* _Exercise_
From the first line of the listing below, retype each line up to and including the one with "Ncaved is located"; pictures stay out.
(Given information begins)
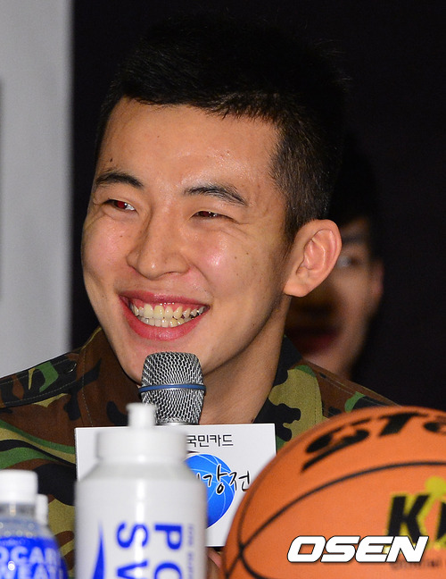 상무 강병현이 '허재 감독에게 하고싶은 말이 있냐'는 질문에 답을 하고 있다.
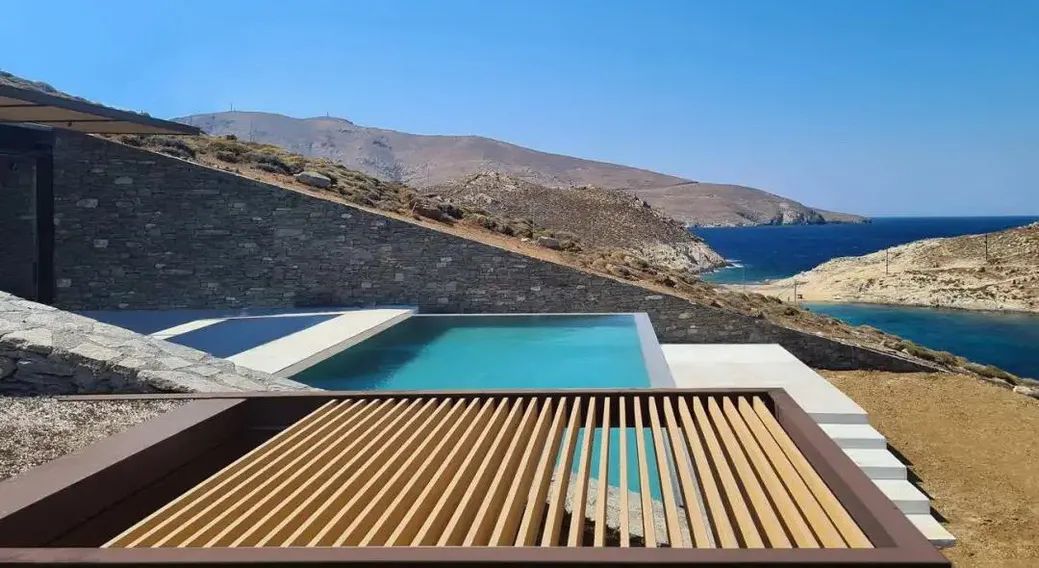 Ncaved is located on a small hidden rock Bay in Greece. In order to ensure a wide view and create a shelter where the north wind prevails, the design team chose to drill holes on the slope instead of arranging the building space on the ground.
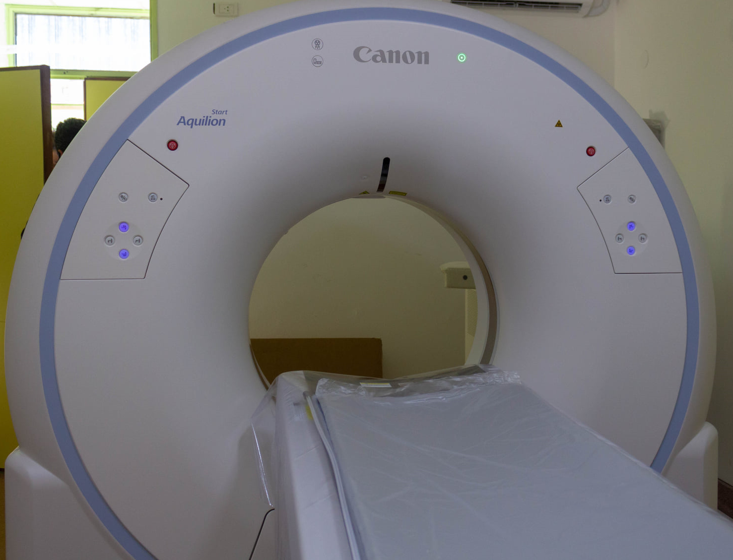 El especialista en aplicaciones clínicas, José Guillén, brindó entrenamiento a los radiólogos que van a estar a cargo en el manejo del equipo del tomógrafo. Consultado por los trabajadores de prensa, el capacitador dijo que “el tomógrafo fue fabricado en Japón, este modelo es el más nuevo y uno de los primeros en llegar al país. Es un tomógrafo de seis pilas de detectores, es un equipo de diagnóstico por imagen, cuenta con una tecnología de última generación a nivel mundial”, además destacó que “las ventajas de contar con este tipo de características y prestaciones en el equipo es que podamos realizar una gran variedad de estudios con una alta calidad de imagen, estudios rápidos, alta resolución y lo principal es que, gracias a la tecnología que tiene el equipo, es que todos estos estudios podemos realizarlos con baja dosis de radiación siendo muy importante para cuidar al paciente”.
(Given information ends)
* _Answer for this exercise_
 상무 강병현이 '허재 감독에게 하고싶은 말이 있냐'는 질문에 답을 하고 있다.
 Ncaved is located on a small hidden rock Bay in Greece. In order to ensure a wide view and create a shelter where the north wind prevails, the design team chose to drill holes on the slope instead of arranging the building space on the ground.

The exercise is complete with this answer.